Book Synopsis Investment Valuation and Asset Pricing by : James W. Kolari
Download or read book Investment Valuation and Asset Pricing written by James W. Kolari and published by Springer Nature. This book was released on 2023-01-01 with total page 247 pages. Available in PDF, EPUB and Kindle. Book excerpt: This textbook is intended to fill a gap in undergraduate finance curriculums by providing an asset pricing text that is accessible for undergraduate finance students. It offers an overview of original works on foundational asset pricing studies that follows their historical publication chronologically throughout the text.

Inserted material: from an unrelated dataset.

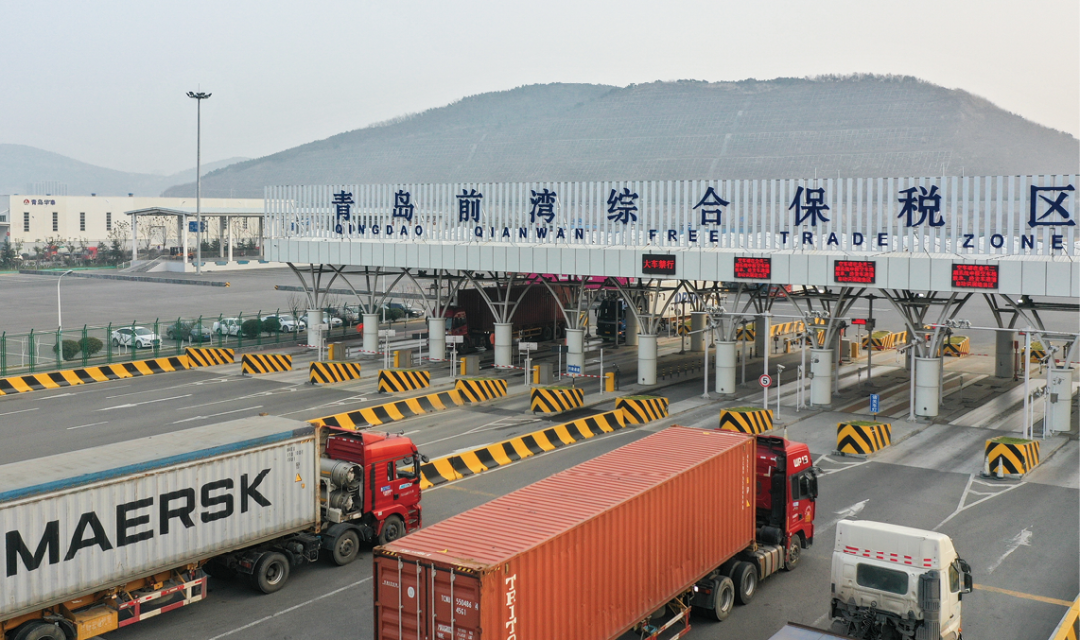 集装箱车辆进出青岛前湾综合保税区卡口。图 / 孙进涛

Each chapter stays close to the original works of these major authors, including quotations, examples, graphical exhibits, and empirical results. Additionally, it includes statistical concepts and methods as applied to finance. These statistical materials are crucial to learning asset pricing, which often applies statistical tests to evaluate different asset pricing models. It offers practical examples, questions, and problems to help students check their learning and better understand the fundamentals of asset pricing., alongside including PowerPoint slides and an instructor’s manual for professors.
Book Synopsis Regression Based Estimation of Dynamic Asset Pricing Models by : Tobias Adrian
Download or read book Regression Based Estimation of Dynamic Asset Pricing Models written by Tobias Adrian and published by . This book was released on 2015 with total page 53 pages. Available in PDF, EPUB and Kindle. Book excerpt: We propose regression based estimators for beta representations of dynamic asset pricing models with an affine pricing kernel specification. We allow for state variables that are cross sectional pricing factors, forecasting variables for the price of risk, and factors that are both. The estimators explicitly allow for time varying prices of risk, time varying betas and serially dependent pricing factors. Our approach nests the Fama-MacBeth two-pass estimator as a special case. We provide asymptotic multistage standard errors necessary to conduct inference for asset pricing tests. We illustrate our new estimators in an application to the joint pricing of stocks and bonds. The application features strongly time varying, highly significant prices of risk which are found to be quantitatively more important than time varying betas in reducing pricing errors.